In general, limitations of the current therapeutic options include inadequate spectrum of activity, lack of efficacy, multiple drug interactions, inadequate pharmacokinetic profile, excessive costs, recurrence of the infection and duration of treatment (5,8). The aim of the present study is to determine whether the dermatophyte T. rubrum can be killed with the use of the light-activated porphyrins deuteroporphyrin monomethylester (DP mme) and 5,10,15-tris(4-methylpyridinium)-20-phenyl-[21H,23H]-porphine trichloride (Sylsens B) and thus develop a possible clinical application against infections caused by T. rubrum.

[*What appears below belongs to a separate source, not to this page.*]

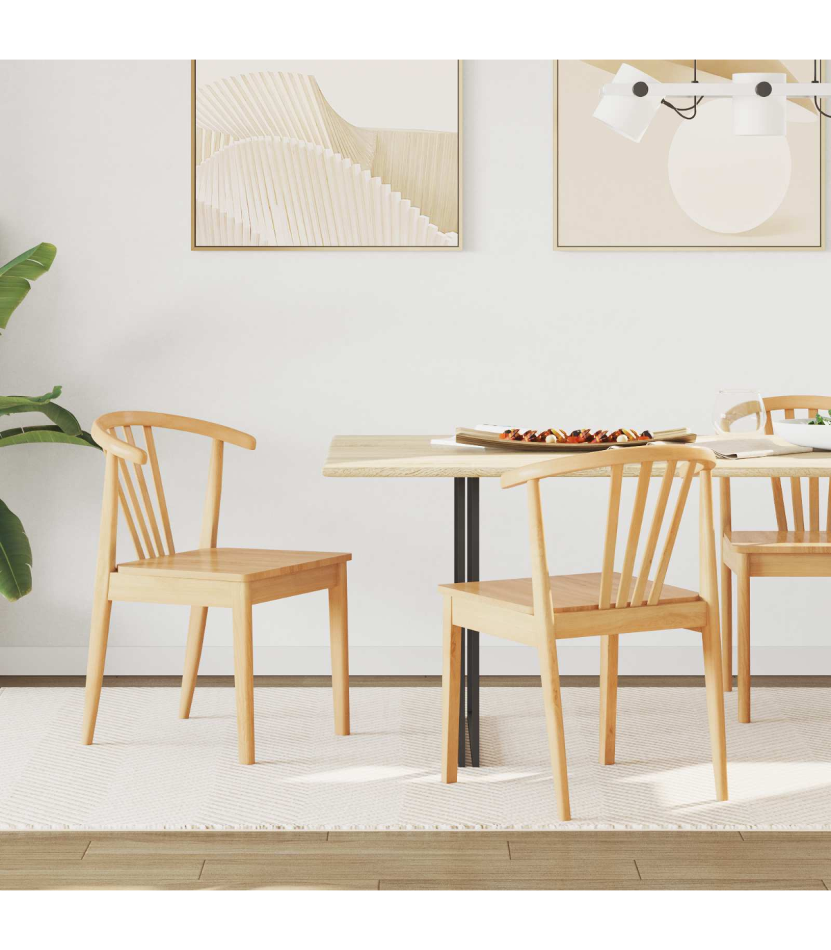 vidaXL Dining Chair 2 pcs Natural Solid Rubberwood

Sylsens B and DP mme are known to be able to kill certain bacteria, Chinese hamster ovary cells and the common fruit fly Drosophila melanogaster (G. M. T. Smijs, unpublished data). Therefore, we selected these compounds to investigate this relatively new application of photodynamic treatment (PDT). PDT refers to the use of light-activated agents called photosensitizers. Upon irradiation with light of the proper wavelength, photosensitizers can initiate a photochemical reaction resulting in the production of singlet oxygen, which can react with cellular components. The sequence of events is termed as photodynamic effect and can result in tissue destruction (9,10).

Little research has been reported concerning the treatment of fungal infections with the use of light-activated agents. In 1998 the photodynamic effect of different thiophenes on eight strains of dermatophytes with the use of UV-A radiation was studied (11). The growth of all tested strains was strongly inhibited by the thiophenes under investigation, but a complete inactivation was never detected. Moreover, UV-A is known to be carcinogenic.